Material traduzido e publicado com permissão de Reggie Kelly.
https://mysteryofisrael.org/apocalyptic-evangelism-course-2002/
Reggie Kelly – 20 de janeiro de 2002
O estudo da profecia é vital para a descoberta da vontade divina na
história. “O testemunho de Jesus é o espírito de profecia” (Ap 19:10). É
notável que Pedro, depois de descrever a prova tangível de sua própria
experiência sensorial da transfiguração (“testemunhas oculares de Sua
majestade”), pudesse falar da escritura profética escrita (“a profecia
que veio nos tempos antigos” v. 21) como “uma palavra mais segura.”
“Ora, nós ouvimos esta voz vinda do céu quando estávamos com ele no
monte santo. Assim, temos ainda mais segura a palavra profética, e vocês
fazem bem em dar atenção a ela, como a uma luz que brilha em lugar
escuro, até que o dia clareie e a estrela da alva nasça no coração de
vocês.” (2Pe 1:18-19).
É sempre às “palavras anteriormente proferidas pelos santos profetas”
que os apóstolos apelam constante e invariavelmente para verificar o seu
testemunho das coisas cumpridas e das coisas que virão.
“Amados, esta é, agora, a segunda carta que escrevo a vocês. Em
ambas, procuro, com lembranças, despertar a mente esclarecida de vocês,
para que se lembrem das palavras que, anteriormente, foram ditas pelos
santos profetas, e também se lembrem do mandamento do Senhor e Salvador,
que os apóstolos de vocês lhes ensinaram.” (2Pe 3:1-2).
Somente na medida em que o testemunho de Jesus pudesse ser
demonstrado em conformidade com “o que Moisés e os profetas disseram que
deveria acontecer” (Atos 26:22) ele poderia ser recomendado ao povo do
livro como a prometida “esperança de Israel” (Atos 28:20). Nenhuma outra
testemunha poderia ser considerada viável, pois Isaías havia dito “À lei
e ao testemunho: se não falarem segundo esta palavra, é porque não há
luz neles” (Is 8:20). Somente esta autoridade constituiu para a igreja
primitiva o último tribunal de apelação. Todos os outros tipos de
evidência foram considerados secundários e contingentes à sua
concordância com este padrão (cânone). O testemunho da profecia foi a
base de toda proclamação, persuasão e defesa apostólica. A profecia é a
prova escolhida por Deus de Sua existência e caráter (ver Is 41:21-23;
42:9; 43:9; 44:7, 26, 28; 45:4, 11; 46:10).
Profecia, Conhecimento
de Deus e Adoração
A autenticidade da nossa adoração não pode ultrapassar o nosso
conhecimento de Deus. É claro que, nas Escrituras, “o conhecimento de
Deus” fala primeiro de relacionamento, mas tal relacionamento é baseado
na revelação da verdade pelo Espírito Santo. Se Deus deve ser adorado
“em Espírito e em verdade”, e se “nenhuma mentira vem da verdade”,
cabe-nos “estudar para nos apresentarmos aprovados diante de Deus,
manejando bem a palavra da verdade” (2 Timóteo 2:15), na fé de que ‘toda
a Escritura é inspirada por Deus e é proveitosa’ (2Tm 3:16).
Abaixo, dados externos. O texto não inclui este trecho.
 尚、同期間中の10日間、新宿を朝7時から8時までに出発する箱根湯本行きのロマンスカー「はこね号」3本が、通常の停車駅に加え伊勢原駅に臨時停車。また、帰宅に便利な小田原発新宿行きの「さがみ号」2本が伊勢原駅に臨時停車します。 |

Somos instruídos a “destruir toda imaginação” que ameace ofuscar ou
comprometer a verdadeira e última glória de Deus por qualquer glória
menor. Os crentes devem “estar sempre preparados para fazer uma defesa”
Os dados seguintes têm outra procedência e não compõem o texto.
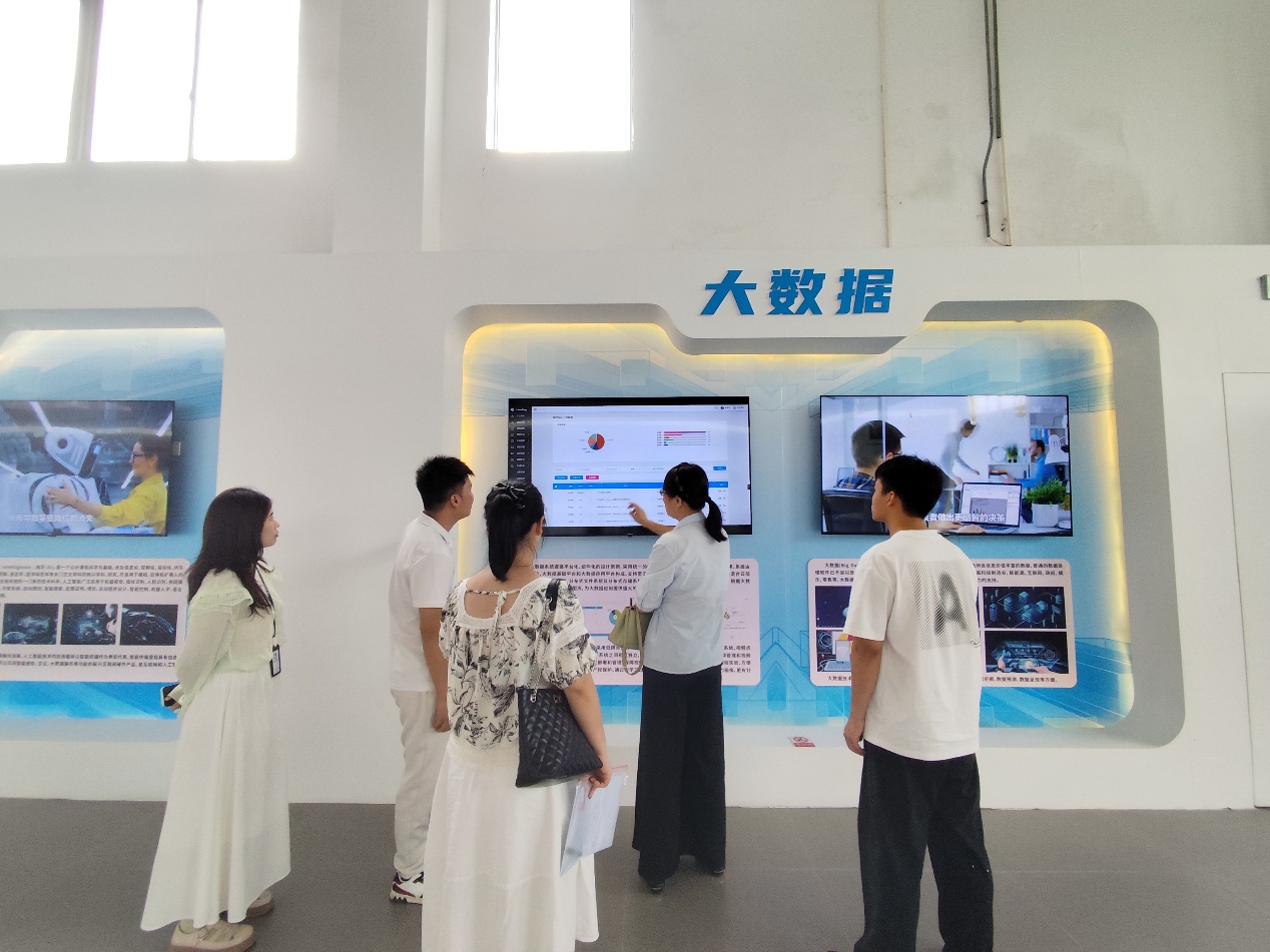 随后,老师们参观了企业科技成就展板,并重点介绍了其在大数据技术领域的创新应用。钟经理指出,公司已将大数据技术与教学平台深度融合,打造出能智能分析学生各阶段学习情况、为其定制个性化学习计划的智能平台。同时,他感谢我院持续为企业输送优秀人才,并承诺将继续为实习生提供最优质的教学资源。

(1Pe 3:15). Paulo falou da “forma das sãs palavras” (2Tm 1:15) e da
“forma da doutrina” (Rm 6:17). A defesa da fé, para a qual Paulo foi
“preparado” (Fp 1.17), implica a defesa da sua “forma”. Existe uma forma
específica de glória que corre o risco de perda ou distorção se a
intenção das escrituras for mal apropriada. O erro na verdade profética
pode causar sérios danos em coisas como vigilância, previsão e
preparação do coração para a perseverança paciente. Mas o mais
importante é que é a demonstração da sabedoria e da glória do propósito
soberano, da ação e da vindicação de Deus na história que está em última
análise em jogo na nossa visão da profecia.
Remoção “da” ou
preservação “através” da tribulação?
Qual é a intenção divina para a igreja desta dispensação? Se o
julgamento começa na casa de Deus, então a que se estende esse
julgamento? A vocação escatológica da Igreja está completa? Ou será que
Deus pretende um reflexo completo de Sua imagem na igreja dos últimos
tempos, mesmo especialmente em situações extremas, fraqueza e
reprovação? Jesus faz a pergunta: “Quando o Filho do Homem vier,
encontrará fé na terra? Que tipo de fé sobreviverá a uma apostasia sem
paralelo (2Tes 2:3)? O que ou que tipo de tempo é significado a respeito
de um remanescente vencedor que “não amou as suas vidas até a morte (Ap
12:11; Dn 11:32-35)? Existe uma base bíblica para a esperança de que a
igreja atingirá tal plenitude suficiente para provocar ciúme em Israel?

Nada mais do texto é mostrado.